Guest More than 1 year ago
Read this book decades ago in college. Reread it again lately and it still holds up. The characters are real and some of the best Robbins has ever created. If you enjoyed his 'Still Life with Woodpecker' or some of Jackson McCrae's books ('Katzenjammer'), the you'll fall for COWGIRLS as well. Really funny material: wry, cynical, humorous, heart-felt, and well done. A must for EVERYONE'S bookshelf!
Guest More than 1 year ago
Having just reread ECGTB after about 25 years, I agree with some of its fans and detractors that the narrative does get stuck in gear in several spots that get very pondersome and pedantic. Even so, this is still the classic countercultural novel of the 1970s with a rich fabric of comical characters and zany plot twists. The opening dedication to the amoeba lured me in again. Two giant thumbs way up! To quote the story's hermit sage: 'Ha ha ho ho and hee hee!'
therealangiemccoy More than 1 year ago
Classic. Weirdly sexy. Unique story. Strong heroine. Quirky characters that you can't help but love.
Guest More than 1 year ago
I read this book for the first time so many years ago that I'm embarassed to say just how many. But recently I reread it and loved it even more than the first time, if you can believe that! I hear a movie has been made of it, but I haven't seen it. Loved the book though.
Go4Jugular More than 1 year ago
My first Tom Robbins experience, and a very positive one it was. While there is a mid-70s sensibility to some of the writing and concepts, as long as you don't mind revisiting that era, the story, characters, and concepts therein are by no means dated. The plot is somewhat meandering but, again, once you're in the correct mindset it's nice to just follow along as the action waxes and wanes. What is superlative is Robbins' ability to coin a phrase; nearly every page has some gem, some verbal twist or metaphor that adds immensely to the reader's enjoyment.
meridius on LibraryThing More than 1 year ago
This is one of my all-time favorites.

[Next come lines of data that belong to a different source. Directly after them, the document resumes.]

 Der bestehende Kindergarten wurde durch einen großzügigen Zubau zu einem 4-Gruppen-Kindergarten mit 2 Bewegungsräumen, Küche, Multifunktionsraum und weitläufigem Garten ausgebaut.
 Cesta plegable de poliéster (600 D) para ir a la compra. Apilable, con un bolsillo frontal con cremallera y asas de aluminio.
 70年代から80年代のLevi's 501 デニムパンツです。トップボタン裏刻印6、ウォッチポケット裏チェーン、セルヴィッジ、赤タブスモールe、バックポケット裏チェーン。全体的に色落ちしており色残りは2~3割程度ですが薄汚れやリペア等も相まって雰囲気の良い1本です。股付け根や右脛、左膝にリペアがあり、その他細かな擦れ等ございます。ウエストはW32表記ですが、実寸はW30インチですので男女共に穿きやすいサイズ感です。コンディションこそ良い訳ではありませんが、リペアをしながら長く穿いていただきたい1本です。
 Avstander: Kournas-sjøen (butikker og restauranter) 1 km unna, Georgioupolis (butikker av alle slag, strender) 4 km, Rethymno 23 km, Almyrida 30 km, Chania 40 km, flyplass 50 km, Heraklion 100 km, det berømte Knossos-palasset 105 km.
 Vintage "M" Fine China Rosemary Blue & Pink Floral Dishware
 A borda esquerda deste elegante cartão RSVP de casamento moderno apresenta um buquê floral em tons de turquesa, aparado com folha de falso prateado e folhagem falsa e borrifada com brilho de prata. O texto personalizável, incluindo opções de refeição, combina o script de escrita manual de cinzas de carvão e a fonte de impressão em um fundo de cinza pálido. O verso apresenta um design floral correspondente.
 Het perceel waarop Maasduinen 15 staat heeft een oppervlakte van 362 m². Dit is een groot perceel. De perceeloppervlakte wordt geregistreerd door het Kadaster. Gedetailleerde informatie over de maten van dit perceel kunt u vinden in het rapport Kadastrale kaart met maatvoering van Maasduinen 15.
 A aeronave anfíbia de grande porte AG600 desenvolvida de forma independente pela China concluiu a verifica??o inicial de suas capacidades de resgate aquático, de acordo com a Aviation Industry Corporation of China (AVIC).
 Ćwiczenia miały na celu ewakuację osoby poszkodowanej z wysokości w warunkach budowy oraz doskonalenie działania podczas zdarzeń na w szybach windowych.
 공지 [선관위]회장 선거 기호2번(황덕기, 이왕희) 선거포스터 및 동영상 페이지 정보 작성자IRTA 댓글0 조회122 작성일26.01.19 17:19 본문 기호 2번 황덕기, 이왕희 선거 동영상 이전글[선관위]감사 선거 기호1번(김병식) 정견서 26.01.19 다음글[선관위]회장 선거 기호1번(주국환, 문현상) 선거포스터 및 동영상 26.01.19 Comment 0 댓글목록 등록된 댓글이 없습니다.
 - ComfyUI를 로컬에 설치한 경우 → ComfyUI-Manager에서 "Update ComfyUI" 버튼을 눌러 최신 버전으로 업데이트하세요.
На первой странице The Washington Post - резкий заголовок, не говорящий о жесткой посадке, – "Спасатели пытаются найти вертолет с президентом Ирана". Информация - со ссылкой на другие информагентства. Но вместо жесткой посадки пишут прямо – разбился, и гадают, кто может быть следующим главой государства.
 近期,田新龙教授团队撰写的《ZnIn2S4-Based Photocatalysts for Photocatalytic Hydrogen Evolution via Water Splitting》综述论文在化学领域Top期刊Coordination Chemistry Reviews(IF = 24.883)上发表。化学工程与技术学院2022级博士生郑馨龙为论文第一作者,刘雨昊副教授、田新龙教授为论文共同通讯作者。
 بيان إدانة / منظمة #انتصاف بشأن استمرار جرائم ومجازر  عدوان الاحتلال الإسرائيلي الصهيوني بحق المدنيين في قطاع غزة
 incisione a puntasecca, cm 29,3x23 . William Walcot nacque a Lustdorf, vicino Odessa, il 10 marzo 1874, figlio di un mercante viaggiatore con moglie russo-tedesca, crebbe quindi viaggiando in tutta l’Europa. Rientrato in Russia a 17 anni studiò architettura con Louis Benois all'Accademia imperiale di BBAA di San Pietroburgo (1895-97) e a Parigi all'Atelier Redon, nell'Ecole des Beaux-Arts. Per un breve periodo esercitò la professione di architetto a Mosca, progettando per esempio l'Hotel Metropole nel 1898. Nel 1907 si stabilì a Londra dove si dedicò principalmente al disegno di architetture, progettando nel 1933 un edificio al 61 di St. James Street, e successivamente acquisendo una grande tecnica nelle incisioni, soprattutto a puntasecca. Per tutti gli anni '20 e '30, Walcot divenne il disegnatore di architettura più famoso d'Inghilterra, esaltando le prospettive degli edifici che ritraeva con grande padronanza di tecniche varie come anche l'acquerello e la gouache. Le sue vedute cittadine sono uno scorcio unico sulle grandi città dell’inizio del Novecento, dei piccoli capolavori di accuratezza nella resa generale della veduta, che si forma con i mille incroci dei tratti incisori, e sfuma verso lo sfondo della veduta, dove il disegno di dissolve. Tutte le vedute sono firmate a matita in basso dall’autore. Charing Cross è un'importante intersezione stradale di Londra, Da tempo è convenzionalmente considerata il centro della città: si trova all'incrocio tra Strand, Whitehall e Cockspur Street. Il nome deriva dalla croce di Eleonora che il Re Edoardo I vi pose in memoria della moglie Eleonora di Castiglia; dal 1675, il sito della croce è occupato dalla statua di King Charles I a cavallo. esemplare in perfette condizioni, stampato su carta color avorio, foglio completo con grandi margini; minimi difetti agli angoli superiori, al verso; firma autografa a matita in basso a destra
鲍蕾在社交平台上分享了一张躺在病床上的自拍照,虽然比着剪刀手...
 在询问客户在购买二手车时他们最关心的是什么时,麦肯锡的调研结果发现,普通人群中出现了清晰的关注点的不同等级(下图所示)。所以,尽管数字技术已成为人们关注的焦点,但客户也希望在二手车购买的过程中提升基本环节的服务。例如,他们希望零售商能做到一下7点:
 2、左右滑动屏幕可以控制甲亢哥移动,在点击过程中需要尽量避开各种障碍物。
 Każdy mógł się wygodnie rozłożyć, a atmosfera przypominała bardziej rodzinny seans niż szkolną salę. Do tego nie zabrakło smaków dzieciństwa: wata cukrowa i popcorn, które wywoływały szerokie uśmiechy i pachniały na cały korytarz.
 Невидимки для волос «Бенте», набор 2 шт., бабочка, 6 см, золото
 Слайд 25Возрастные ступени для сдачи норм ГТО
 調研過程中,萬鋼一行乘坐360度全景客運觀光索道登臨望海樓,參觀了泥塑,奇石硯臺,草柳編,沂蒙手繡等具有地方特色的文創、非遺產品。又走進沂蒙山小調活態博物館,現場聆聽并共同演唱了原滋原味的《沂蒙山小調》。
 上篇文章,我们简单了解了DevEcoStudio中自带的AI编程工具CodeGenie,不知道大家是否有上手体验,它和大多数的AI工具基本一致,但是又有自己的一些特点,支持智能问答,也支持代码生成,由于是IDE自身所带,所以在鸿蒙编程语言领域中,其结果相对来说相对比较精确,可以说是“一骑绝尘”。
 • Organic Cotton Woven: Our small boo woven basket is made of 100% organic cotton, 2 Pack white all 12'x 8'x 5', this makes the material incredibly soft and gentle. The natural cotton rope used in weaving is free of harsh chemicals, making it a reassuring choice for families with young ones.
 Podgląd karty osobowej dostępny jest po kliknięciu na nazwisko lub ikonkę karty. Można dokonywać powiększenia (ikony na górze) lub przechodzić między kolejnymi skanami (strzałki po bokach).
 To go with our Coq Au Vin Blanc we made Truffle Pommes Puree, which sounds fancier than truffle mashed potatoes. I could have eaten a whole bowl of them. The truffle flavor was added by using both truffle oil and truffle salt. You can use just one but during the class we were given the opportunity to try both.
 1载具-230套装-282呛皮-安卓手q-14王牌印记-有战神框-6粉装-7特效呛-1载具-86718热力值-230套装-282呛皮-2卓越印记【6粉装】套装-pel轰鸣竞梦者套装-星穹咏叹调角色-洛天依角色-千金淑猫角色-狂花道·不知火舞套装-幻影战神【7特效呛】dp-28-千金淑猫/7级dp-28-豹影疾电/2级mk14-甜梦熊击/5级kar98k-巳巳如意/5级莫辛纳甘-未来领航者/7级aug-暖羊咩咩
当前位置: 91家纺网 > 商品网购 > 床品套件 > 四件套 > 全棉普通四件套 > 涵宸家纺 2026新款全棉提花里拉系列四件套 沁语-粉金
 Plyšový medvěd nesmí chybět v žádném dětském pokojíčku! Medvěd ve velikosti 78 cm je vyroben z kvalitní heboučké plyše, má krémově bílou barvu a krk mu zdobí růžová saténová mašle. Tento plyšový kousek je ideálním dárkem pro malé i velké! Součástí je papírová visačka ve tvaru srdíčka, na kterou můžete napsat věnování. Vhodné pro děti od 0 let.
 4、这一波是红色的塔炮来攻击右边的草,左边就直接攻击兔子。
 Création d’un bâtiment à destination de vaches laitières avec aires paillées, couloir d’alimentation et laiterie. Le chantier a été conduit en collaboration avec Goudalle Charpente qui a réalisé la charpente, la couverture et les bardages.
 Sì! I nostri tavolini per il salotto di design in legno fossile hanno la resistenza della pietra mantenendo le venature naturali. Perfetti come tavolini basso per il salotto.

Dedicated to the amoeba: that inveterately versatile and vagabond single cell hitchhiker, Robbins chronicles the adventures of the audaciously-thumbed Sissy Hankshaw.Like most Robbins books, I'm always reborn a little having read and re-read them.The first couple of hundred pages might seem too obtuse for some, but stick with it!
Crowyhead on LibraryThing More than 1 year ago
Highly, highly influential during my highschool years. There was a girl I had a crush on to whom I would write letters and sign them "Bonanza Jellybean"...
SandiLee on LibraryThing More than 1 year ago
I love what Tom Robbins does with the English language. It takes me a while to get through his books because I pause to marvel at every second sentence.
ahgonzales on LibraryThing More than 1 year ago
I loved this book. Very easy read with lots of feminist musings. The narration is interesting and I like the moves between following the story line and the short writing on other subjects. Often times the narrator is directly addressing the reader. There is a lot of movement in the writing, which fits nicely into the hitchhiking theme.
Anonymous More than 1 year ago
Maybe it's because I'm too young to have caught the free love and mind opening counterculture, but this book didn't do much for me. I loved the twisted, manic heights of Frog Pajamas, but this was just not very clever. It was weird, but not funny, and just seemed stuck in a rut.